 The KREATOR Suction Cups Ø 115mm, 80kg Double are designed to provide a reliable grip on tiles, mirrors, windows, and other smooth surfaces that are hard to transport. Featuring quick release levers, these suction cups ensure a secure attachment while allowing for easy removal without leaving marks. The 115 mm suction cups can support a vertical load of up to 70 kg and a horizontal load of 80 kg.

....

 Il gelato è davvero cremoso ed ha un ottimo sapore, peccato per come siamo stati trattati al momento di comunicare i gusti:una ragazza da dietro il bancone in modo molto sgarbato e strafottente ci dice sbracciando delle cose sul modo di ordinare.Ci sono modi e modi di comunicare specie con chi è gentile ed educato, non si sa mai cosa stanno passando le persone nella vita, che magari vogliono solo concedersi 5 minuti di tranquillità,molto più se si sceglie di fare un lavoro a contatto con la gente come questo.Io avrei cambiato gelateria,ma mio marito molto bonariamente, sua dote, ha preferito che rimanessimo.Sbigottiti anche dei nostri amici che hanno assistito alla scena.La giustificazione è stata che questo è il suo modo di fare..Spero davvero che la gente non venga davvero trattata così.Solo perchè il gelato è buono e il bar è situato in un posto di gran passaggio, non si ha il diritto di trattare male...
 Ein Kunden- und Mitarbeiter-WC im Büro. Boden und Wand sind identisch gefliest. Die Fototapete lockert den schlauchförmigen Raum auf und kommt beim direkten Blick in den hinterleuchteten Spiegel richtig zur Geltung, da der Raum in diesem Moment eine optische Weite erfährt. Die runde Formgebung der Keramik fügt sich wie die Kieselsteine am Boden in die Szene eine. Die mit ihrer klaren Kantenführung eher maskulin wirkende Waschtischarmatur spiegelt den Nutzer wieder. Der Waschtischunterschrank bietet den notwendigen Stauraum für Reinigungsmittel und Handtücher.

....

• _Exercise instructions_:
Would you copy out exactly the lines above that start at the one containing "Il gelato è davvero" and end at the one containing "Ein Kunden- und", inclusive?

• _Your response_:
 Il gelato è davvero cremoso ed ha un ottimo sapore, peccato per come siamo stati trattati al momento di comunicare i gusti:una ragazza da dietro il bancone in modo molto sgarbato e strafottente ci dice sbracciando delle cose sul modo di ordinare.Ci sono modi e modi di comunicare specie con chi è gentile ed educato, non si sa mai cosa stanno passando le persone nella vita, che magari vogliono solo concedersi 5 minuti di tranquillità,molto più se si sceglie di fare un lavoro a contatto con la gente come questo.Io avrei cambiato gelateria,ma mio marito molto bonariamente, sua dote, ha preferito che rimanessimo.Sbigottiti anche dei nostri amici che hanno assistito alla scena.La giustificazione è stata che questo è il suo modo di fare..Spero davvero che la gente non venga davvero trattata così.Solo perchè il gelato è buono e il bar è situato in un posto di gran passaggio, non si ha il diritto di trattare male...
 Ein Kunden- und Mitarbeiter-WC im Büro. Boden und Wand sind identisch gefliest. Die Fototapete lockert den schlauchförmigen Raum auf und kommt beim direkten Blick in den hinterleuchteten Spiegel richtig zur Geltung, da der Raum in diesem Moment eine optische Weite erfährt. Die runde Formgebung der Keramik fügt sich wie die Kieselsteine am Boden in die Szene eine. Die mit ihrer klaren Kantenführung eher maskulin wirkende Waschtischarmatur spiegelt den Nutzer wieder. Der Waschtischunterschrank bietet den notwendigen Stauraum für Reinigungsmittel und Handtücher.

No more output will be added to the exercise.